It's the stuff of pure fiction: moving things with your mind. But what if it was actually possible?
Now, Chinese scientists are working on making this concept a reality using something called metamaterials, according to a report by SciTechDaily published Sunday.
Back in 2019, we had reported on CTRL-labs that made telekinesis possible in a virtual environment. The CTRL-kit makes it possible to use one’s hands to pick up and control the speed of objects in a 3D space. The process empowered people to interact with virtual environments the way we naturally interact with the real world.
Meanwhile, in 2021, the University of Miami proposed a means of connecting human brains to computer interfaces not via Neuralink-like computer chips and wires but with nanoparticles directly interacting with human neurons in order to develop mind-control technologies. However, as of yet, none of these efforts have produced any significant results.
Now, a new development in telekinesis has been achieved in real-life by a team of scientists led by Professor Shaobo Qu and Professor Jiafu Wang from Air Force Engineering University and Professor Cheng-Wei Qiu from the National University of Singapore. The work has been documented in a paper titled “Remotely Mind-controlled Metasurface via Brainwaves," which proposes a framework for moving objects with the human mind.
It has long been known that human brains generate brainwaves in the process of thinking. The researchers, therefore, theorized that collecting these brainwaves and using them as the control signals of metasurfaces would allow the users to control metasurfaces with their minds. Achieving this would mark an enormous step forward in creating truly intelligent metasurfaces that can be manipulated through telekinesis.
How did the team make this major breakthrough? Through the use of Bluetooth.
The researchers managed to manipulate brainwaves wirelessly from the user to the controller via Bluetooth. The ultimate goal was to use the test subject’s brainwaves to control the electromagnetic waves' response to programmable metasurfaces.
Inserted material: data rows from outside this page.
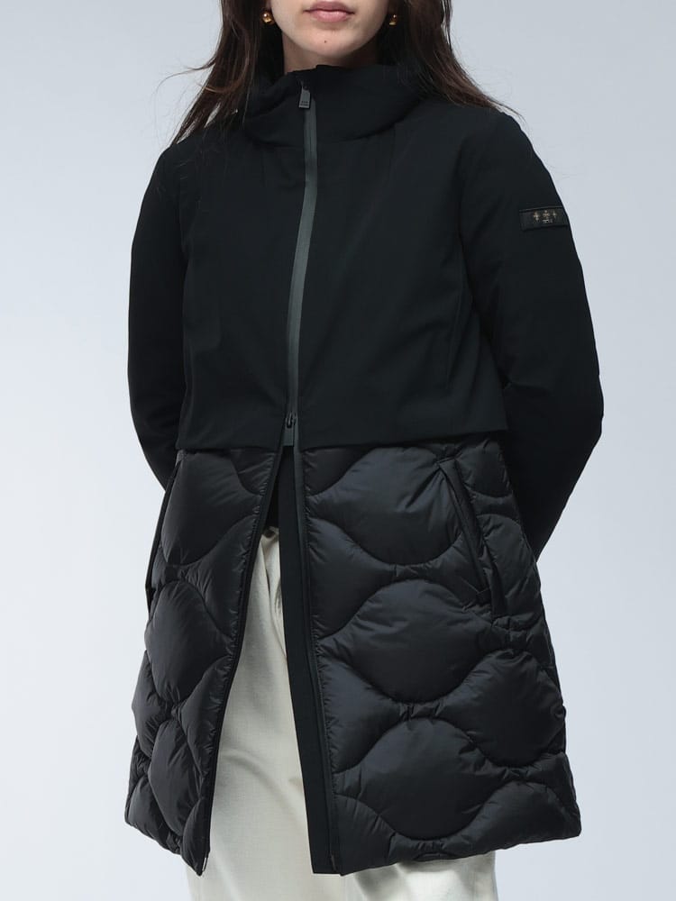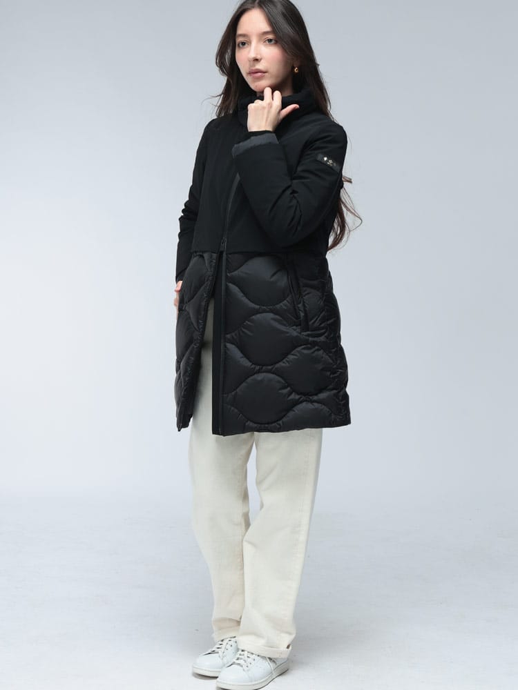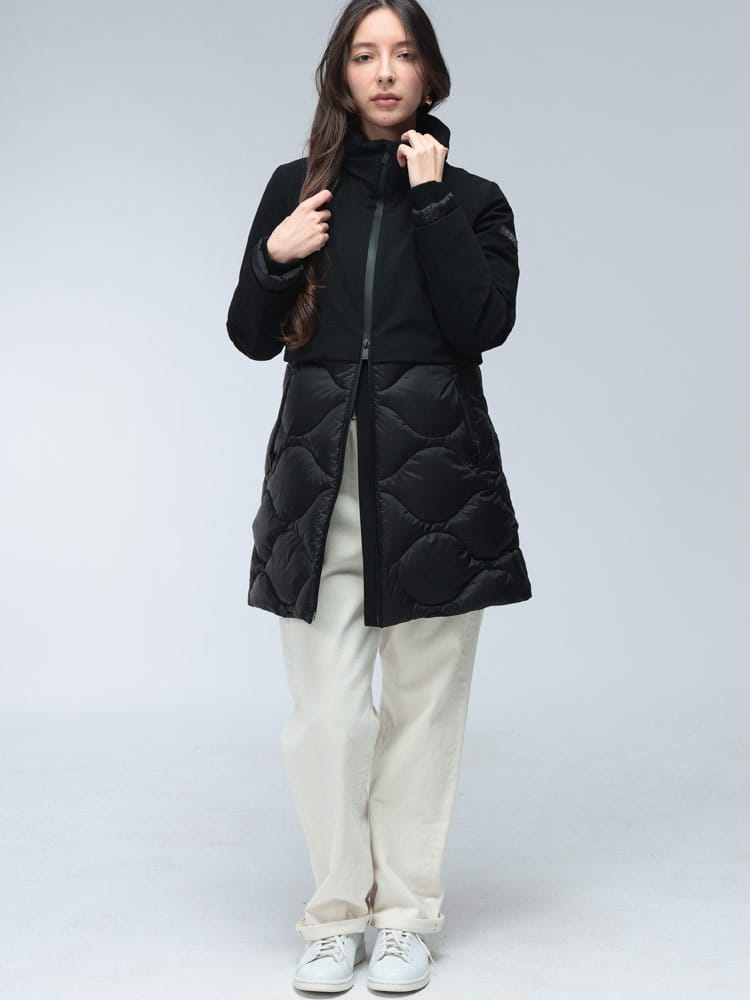 ダウンコートFESTUCAは、ダウンとジャージ素材を組み合わせた異素材コンビが特徴のスタイリッシュなアイテムです。袖や背中に使用されたストレッチジャージが、抜群の動きやすさと快適な着心地を実現。スタンドカラーのフルジップデザインで、防寒性も優れています。カジュアルながらも上品な印象で、幅広いシーンで活躍する洗練された一着です。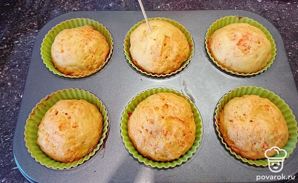 Поставить в духовку, разогретую до 200 градусов, на 20-25 минут. Готовность проверить зубочисткой.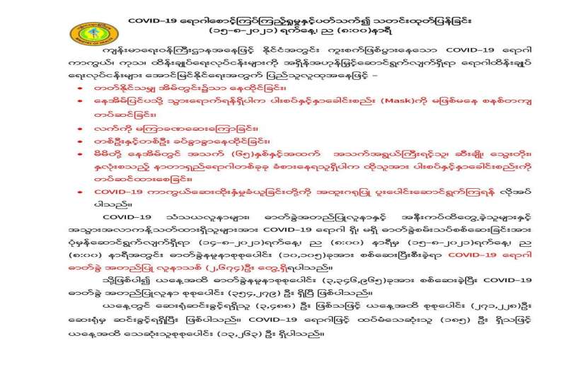 မြန်မာ့အသံနှင့် ရုပ်မြင်သံကြားမှ ဩဂုတ် ၁၄ ရက် ည ၈ နာရီ သတင်း အပြီးတွင် ထုတ်လွှင့် ပြသခဲ့သည့် ကိုဗစ်-၁၉ ရောဂါ ကာကွယ်ထိန်းချုပ်ရေးဆိုင်ရာ ဆောင်ရွက်ချက်များ အကြောင်း သိကောင်းစရာအစီအစဉ်ကို ပြည်သူများသိရှိနိုင်ရန်အတွက် ပြန်လည်ဖော်ပြလိုက်ပါသည်။ ။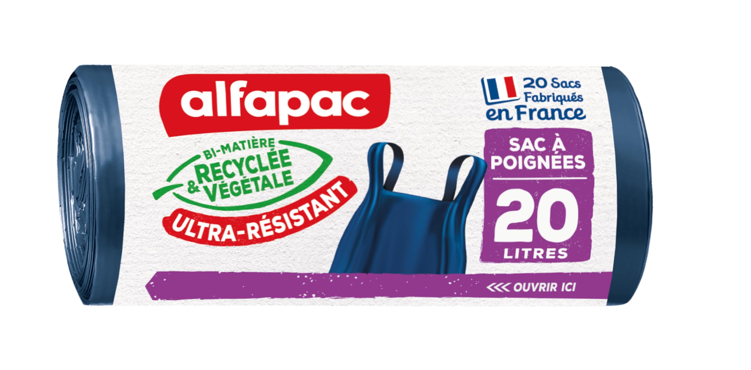 Alfapac - 20 Sacchetti per la Spazzatura 20 l, con Manici Resistenti, Realizzati in Francia - Bimateriale Riciclato e vegetale

Ultimately, they found that the user could indeed effectively control the scattering pattern.
Further investigation indicated that the user’s brainwaves directly controlled the outcome and provided better control and switch rate, making their model far more advanced than any existing product currently on the market. However, work still needs to be done to optimize the process.
For instance, their design can be further tweaked to improve the accuracy of their equipment, and the researchers are now aiming to combine this new model with intelligent algorithms to make it more efficient and accurate. Applications of the technology can include but are not limited to 5G/6G communications, the health sector, and smart sensors.
Questions arise from these types of experimentation, however. Like, how safe are they really, and what side effects would they produce? In the end, it all comes down to what price people are willing to pay in order to have the superpower of telekinesis.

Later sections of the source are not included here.